What needs reproducing is the run of lines in the data below starting at the line with "لما قدم أنه" and ending at the line with "4 boho style", both ends included. Copy it exactly, without pictures, and add nothing.

---- Input for this task

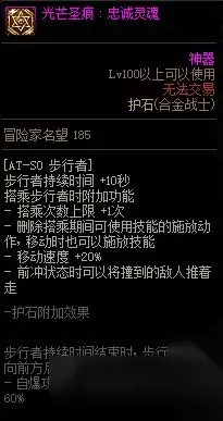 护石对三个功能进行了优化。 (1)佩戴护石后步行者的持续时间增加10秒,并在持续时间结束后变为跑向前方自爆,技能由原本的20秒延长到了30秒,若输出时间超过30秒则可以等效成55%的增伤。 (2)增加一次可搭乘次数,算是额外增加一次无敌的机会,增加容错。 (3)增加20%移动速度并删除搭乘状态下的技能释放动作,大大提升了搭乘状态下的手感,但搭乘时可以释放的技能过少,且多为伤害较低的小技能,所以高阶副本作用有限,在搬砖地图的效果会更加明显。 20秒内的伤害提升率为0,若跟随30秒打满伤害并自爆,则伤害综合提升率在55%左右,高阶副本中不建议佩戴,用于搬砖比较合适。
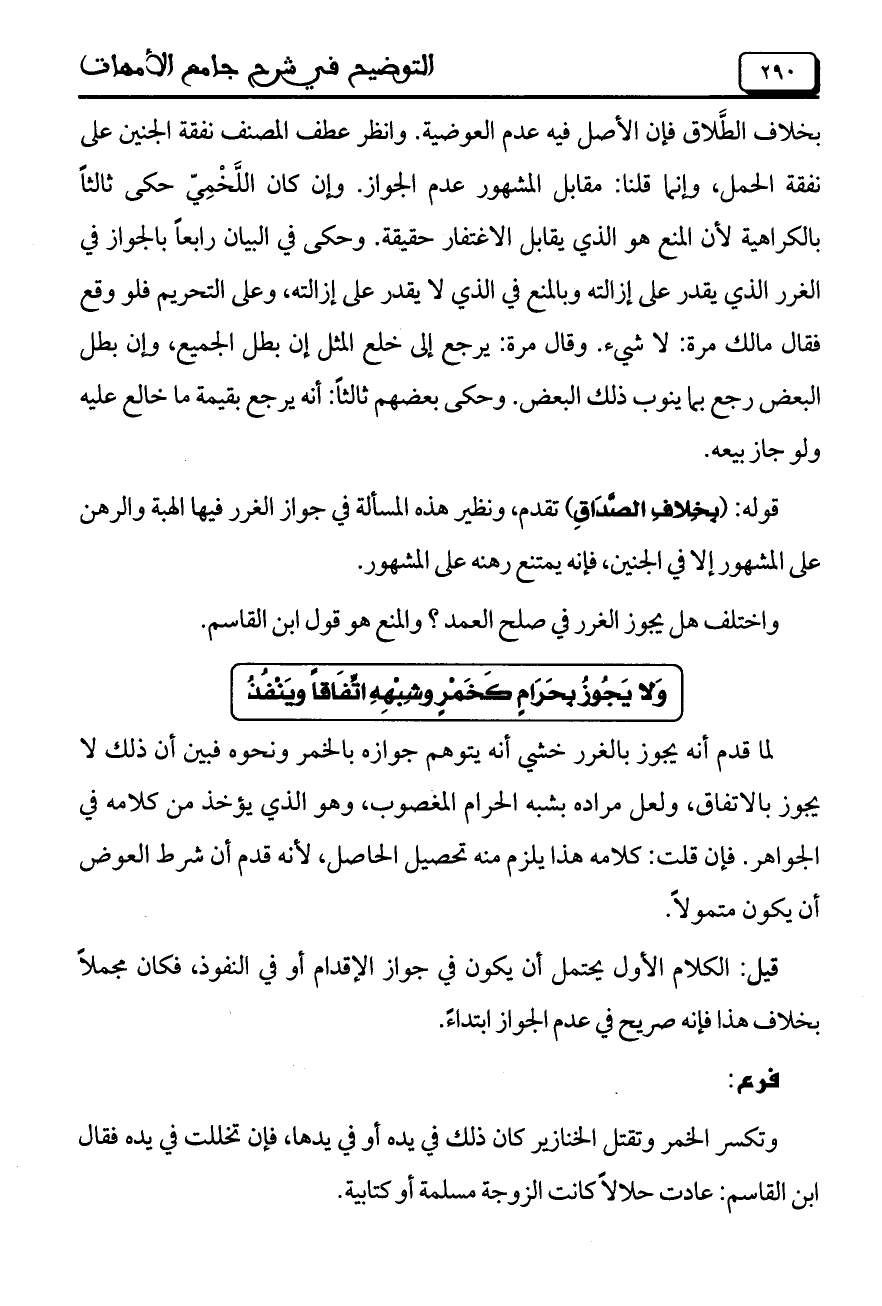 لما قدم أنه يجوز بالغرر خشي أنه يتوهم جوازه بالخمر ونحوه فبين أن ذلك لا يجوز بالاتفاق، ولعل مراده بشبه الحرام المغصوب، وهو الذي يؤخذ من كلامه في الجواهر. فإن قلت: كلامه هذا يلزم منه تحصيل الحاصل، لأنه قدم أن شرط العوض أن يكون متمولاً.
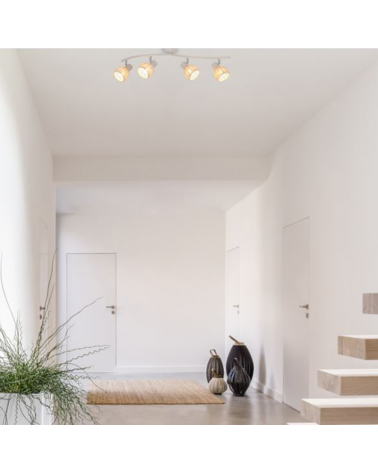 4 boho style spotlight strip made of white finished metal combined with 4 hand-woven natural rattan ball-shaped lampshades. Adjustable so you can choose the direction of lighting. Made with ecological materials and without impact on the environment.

--------
---- Input for this task

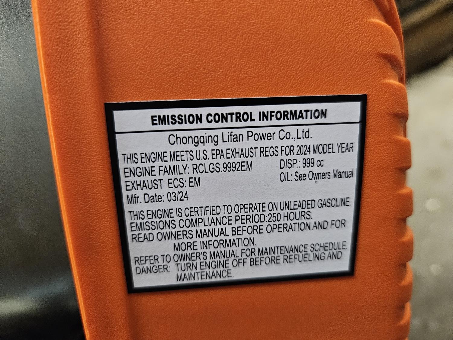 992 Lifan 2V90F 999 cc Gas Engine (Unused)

--------

● **Answer to the exercise**
 لما قدم أنه يجوز بالغرر خشي أنه يتوهم جوازه بالخمر ونحوه فبين أن ذلك لا يجوز بالاتفاق، ولعل مراده بشبه الحرام المغصوب، وهو الذي يؤخذ من كلامه في الجواهر. فإن قلت: كلامه هذا يلزم منه تحصيل الحاصل، لأنه قدم أن شرط العوض أن يكون متمولاً.
 4 boho style spotlight strip made of white finished metal combined with 4 hand-woven natural rattan ball-shaped lampshades. Adjustable so you can choose the direction of lighting. Made with ecological materials and without impact on the environment.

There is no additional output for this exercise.